Tara: Got it. So you’re really focused on the print work.
Tara: And then you’re dropping that off for the finished sewing.
Erin: Yeah, exactly. And so my … my expertise is really in prototyping the product, creating, you know, exactly what I want it to look like, figuring out the pattern, the layout, the color, all of those kind of aesthetic elements, and then I hand that off to a local production partner, and they actually manufacture it using the … the fabrics that I’ve chosen, the fabrics that I’ve printed on. You know, I still do a lot of the direct silk screen printing onto the fabric, so that’s, you know, that’s still very much my responsibility, and that’s something that I could outsource, but at this point, I really choose not to, because it’s probably where the heart of the business is for me. I think in a lot of ways, that will probably be, even though it would be an easy … easy part to hand off to a production partner, it’s something that I still really cling to.
Maybe in a sort of irrational way, because I love that part of the process, and I still feel so deeply connected to it. For me, the sewing was something that I felt more comfortable handing off, because the passion for sewing isn’t as … it’s not there as much to me as for the print-making side. So yeah, I think there’s definitely things that I’ve done to kind of relieve some of that stress around taking in bigger orders, because that’s the worst, right? If you can’t … if you can’t scale up your business to meet that higher demand, if … if getting a big order like that only represents stress and anxiety and oh my God, I can’t handle this much work, then you know, your business is naturally going to be limited to working with much smaller partners and not being able to reach that wider audience, and I didn’t want to limit myself in that way.
Tara: All right, let’s talk about this pricing piece for a little bit, because of course, that’s a big challenge for people as well.
Erin: Oh, yeah.
Tara: How are you going to price your work so that it still sells, so that West Elm can still sell it …
Tara: And make what they want to make? How can you price it so that you’re still profitable, even when you’re outsourcing all this extra work as well?
Erin: Right, exactly. Pricing is really tough, and I … you know, I think the general sort of thought is that it should be some … some blend of materials cost and your time and, you know, all of those things, and then multiply it by a certain amount so that you can have that wholesale margin, and you’ll be able to retail it to … to other shops, but honestly, there’s so much more that goes into that, right? You have to think about the pricing in terms of what kind of value does that project to your customers, because you know, maybe I could sell something at a lower price-point, but it might not make sense to sell it there, because there might be an assumed judgment about the quality of the item that I’m selling, and so you know, on the other side of that, there are some items that the profit margin is really, really, really slim, almost to the point of why am I even bothering to have this product, it’s not making me very much money, but at the same time, it actually adds value to the business as a whole, because it’s the type of lifestyle product that my customers really are excited to see, and even if it maybe at that much higher price point that not a lot of folks are able to purchase it, it’s something that rounds out the collection and tells a larger story about the type of home that I’m helping my customers decorate for. Does that make sense?

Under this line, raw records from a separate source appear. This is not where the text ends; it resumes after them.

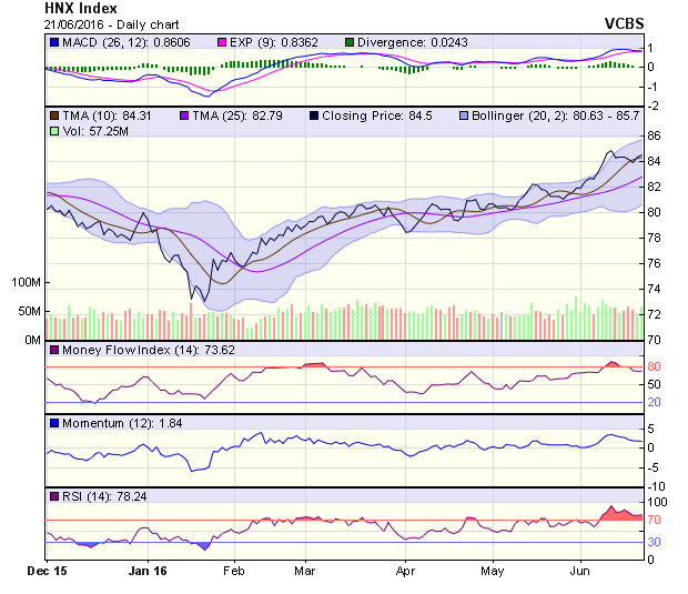 HNX-Index hình thành cây nến xanh hammer, lực mua tích cực quay lại vào cuối phiên. Rủi ro trong ngắn hạn vẫn có thể diễn ra khi RSI hiện đã nằm trong vùng overbought được 2 tuần, MACD chưa cho tín hiệu tăng mạnh trở lại. Vùng hỗ trợ 83,5 điểm. Vùng kháng cự 85 điểm.
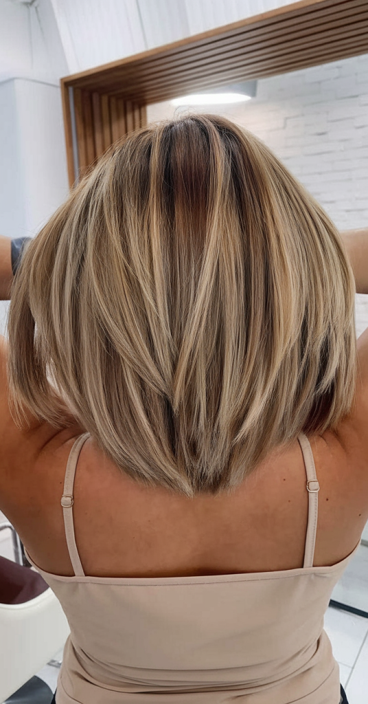 A standout 2025 trend for blondes, this medium length hairstyle features a root melt in smoky brunette that fades seamlessly into icy blonde ombré ends. This color pattern is subtle yet striking, offering the dimension of dark roots without harsh lines.
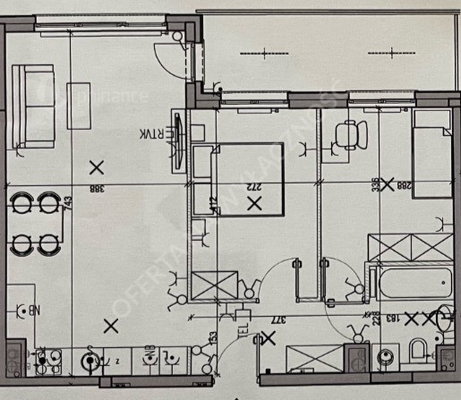 - salon z wyposażonym aneksem kuchennym (28,5m2), wyjściem na loggię (9m2),
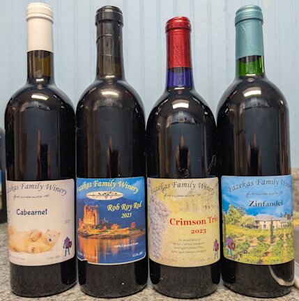 | Wine Labels History | My labels are posted in groups by the year the wines were bottled in. This shows the progression of my label making “talents”. This took a big jump in 2021, when I started using a graphic as a background, so there’s no white space. | 07/18/2024 |
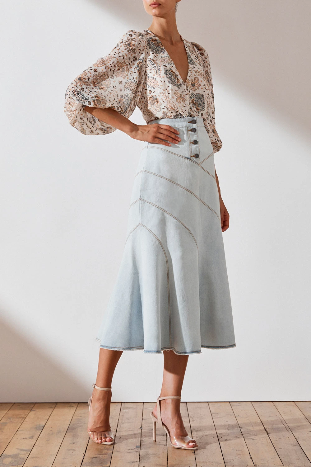 Contour denim midi skirt in a light blue stone wash. This skirt features high waistline, front button closure, top stitched contour panel lines and flared hem
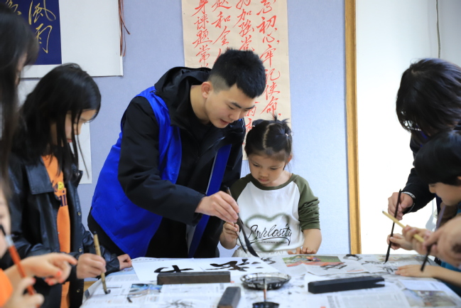 志愿者为书法小课堂的孩子们授课
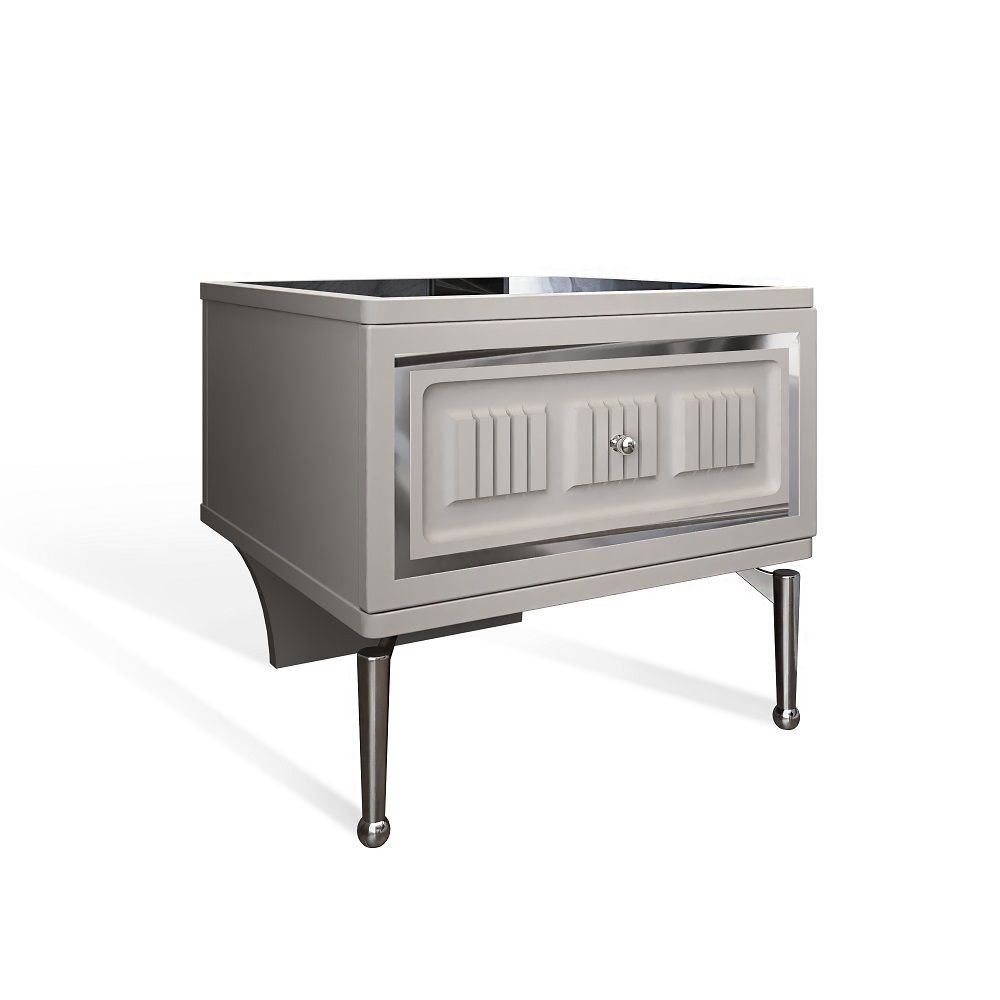 Прикроватные тумбочки с эффектом парения, туалетный стол на лёгких металлических опорах с топами из крашеного итальянской эмалью МДФ с модным декором стеклянной бронзированной поверхностью выгодно подчеркнут стиль спальни. Спальня оснащена современными европейскими механизмами с доводчиками.
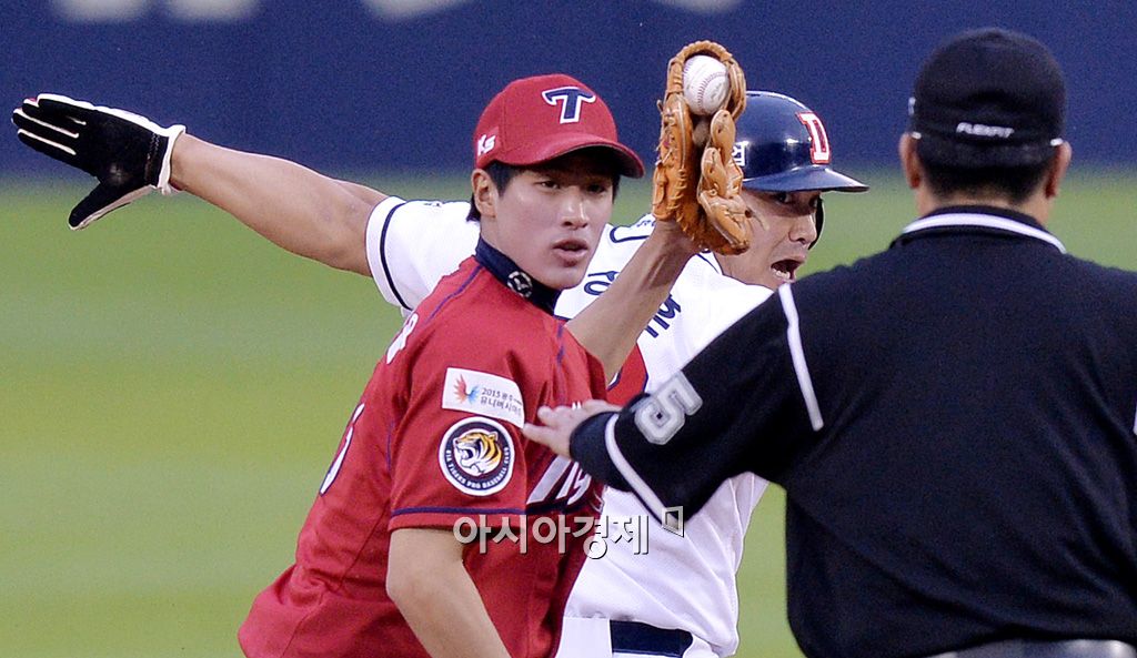 [잠실=아시아경제 김현민 기자] 2015 KBO리그 KIA 타이거즈와 두산 베어스의 경기가 4일 잠실야구장에서 열렸다. 2회말 2사 1루에서 두산 박건우 타석 때 1루주자 홍성흔이 2루 도루를 시도한 뒤 2루심의 판정을 바라보고 있다. 김현민 기자 kimhyun81@asiae.co.kr<ⓒ세계를 보는 창 경제를 보는 눈, 아시아경제(www.asiae.co.kr) 무단전재 배포금지>
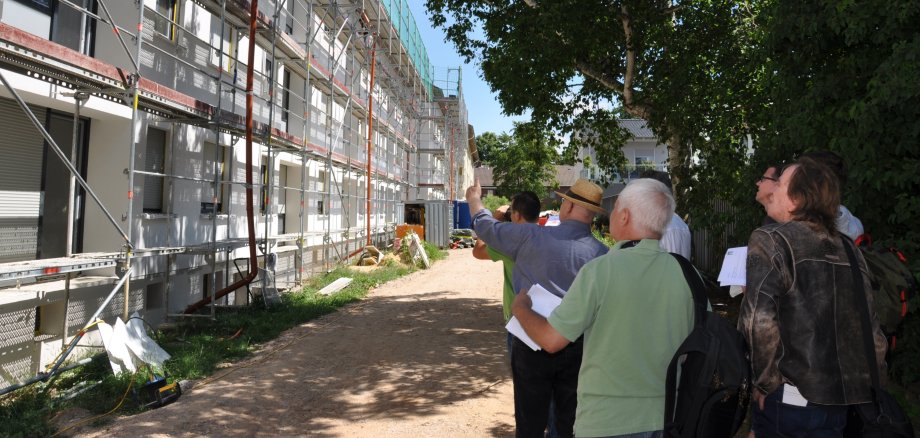 Foto: Neu Balkone für die Schubertstraße 6-8: Im Juni 2018 machten sich Oberbürgermeisterin und Aufsichtsratsvorsitzende Dr. Heike Kaster-Meurer und Gewobau-Geschäftsführer Karl-Heinz Seeger mit Vertretern der Presse ein Bild von den Modernisierungsarbeiten.
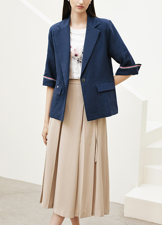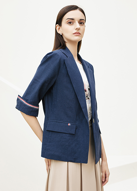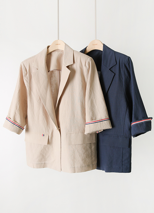 [The Onme] Linen100 Tape Trim Roll-Up Half Sleeve Jacket
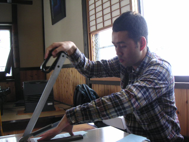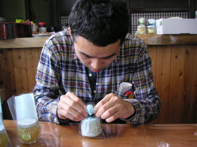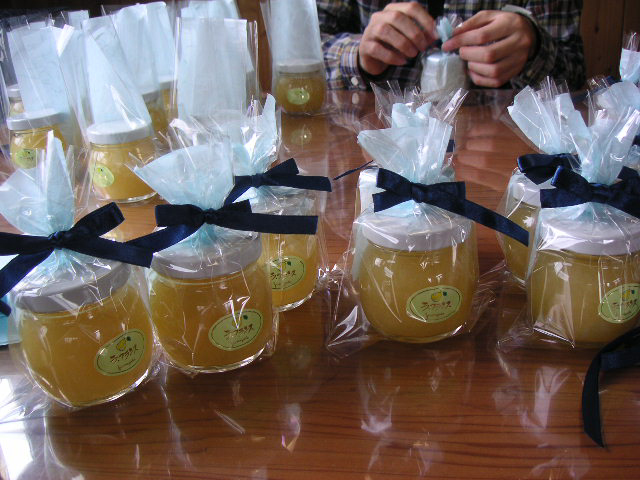 ![]() | 外は雪が降って作業ができないので自家製ジャムの袋詰め作業をしました。まずはラベル貼り |
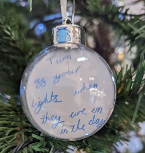 The Green Gang have been promoting lots of green messages for the Christmas season. They have used reusable baubles to send their positive messages, and they have been hung on our wonderful tree situated in the school hall.
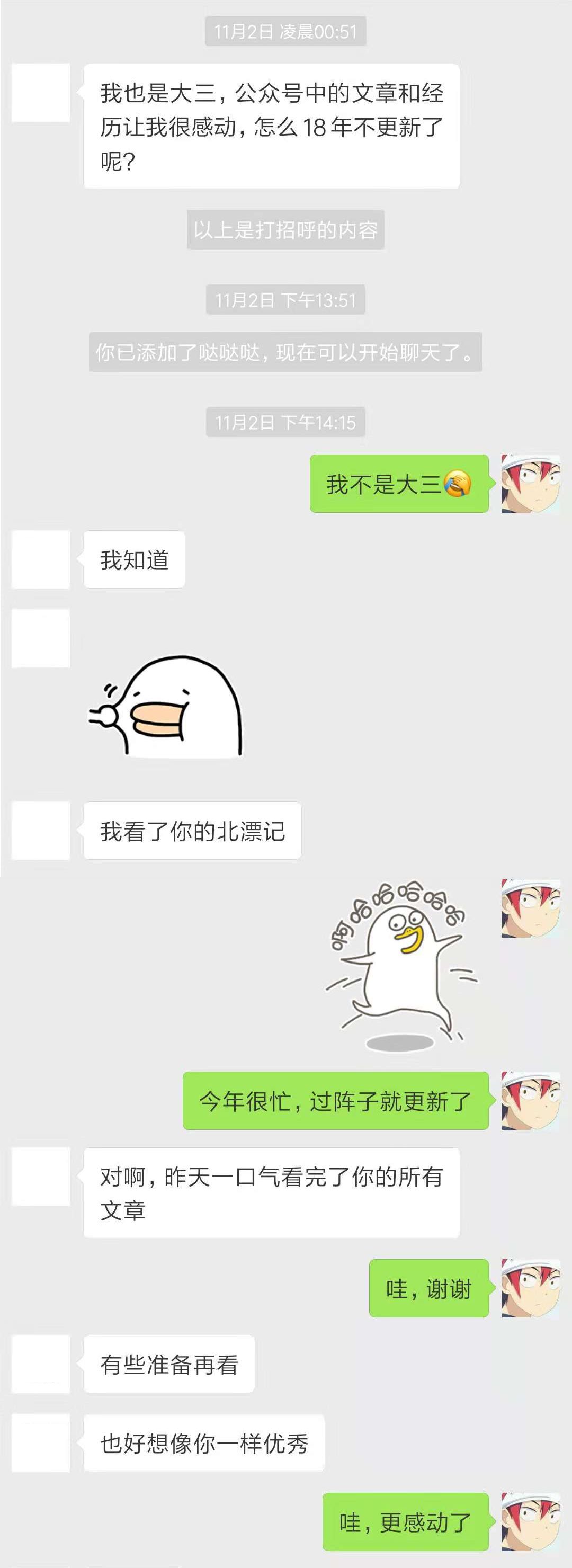 今年有些读者问我是不是太累所以没时间更新公众号了,以下截图来自一名读者的灵魂慰问...看完后不知道是想笑还是想哭。说真的,我很感谢每一位还没放弃本公众号的读者们,只要还有一位读者支持我,这个公众号是不会停止更新的 😃
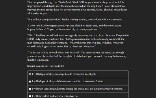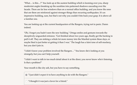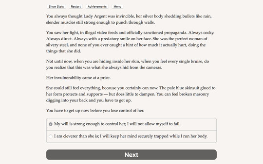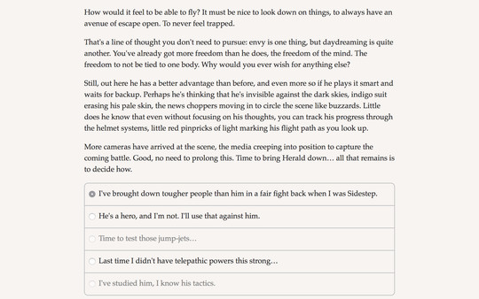 Fallen Hero: Rebirth is a 380,000 word interactive novel by Malin Rydén, where your choices control the story. It's entirely text-based—without graphics or sound effects—and fueled by the vast, unstoppable power of your imagination.
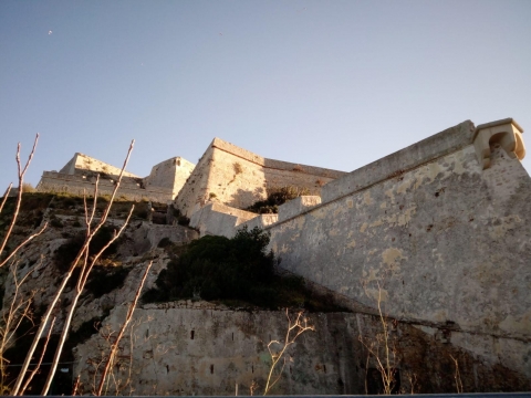 NELLA FOTO DI COPERTINA: Portoferraio. Fronte di terra saliente di nord ovest (Dal basso in alto) Bastione di S.Alessandro, Tenaglia, S. Ferdinando, Carciofaia, fianco del fronte di Sorbelloni, forte Falcone

It’s sort of, you know, it’s … it’s more than just time plus materials plus, you know, add your wholesale margin in. There’s a lot … lot more moving parts that I have to consider to make sure that I’m kind of in that sweet spot. Keeping margins low enough, though, to work with those bigger … those bigger retailers like West Elm is really tricky, and honestly, in some ways, I think that they are getting savvy, too, about understanding that there’s going to be a difference between a vendor like me, who’s handcrafting and working with local partners to handcraft all of these amazing products versus somebody who’s got their production completely abroad, and you know, they … they might have much better margins, and they … and there’s some flexibility there.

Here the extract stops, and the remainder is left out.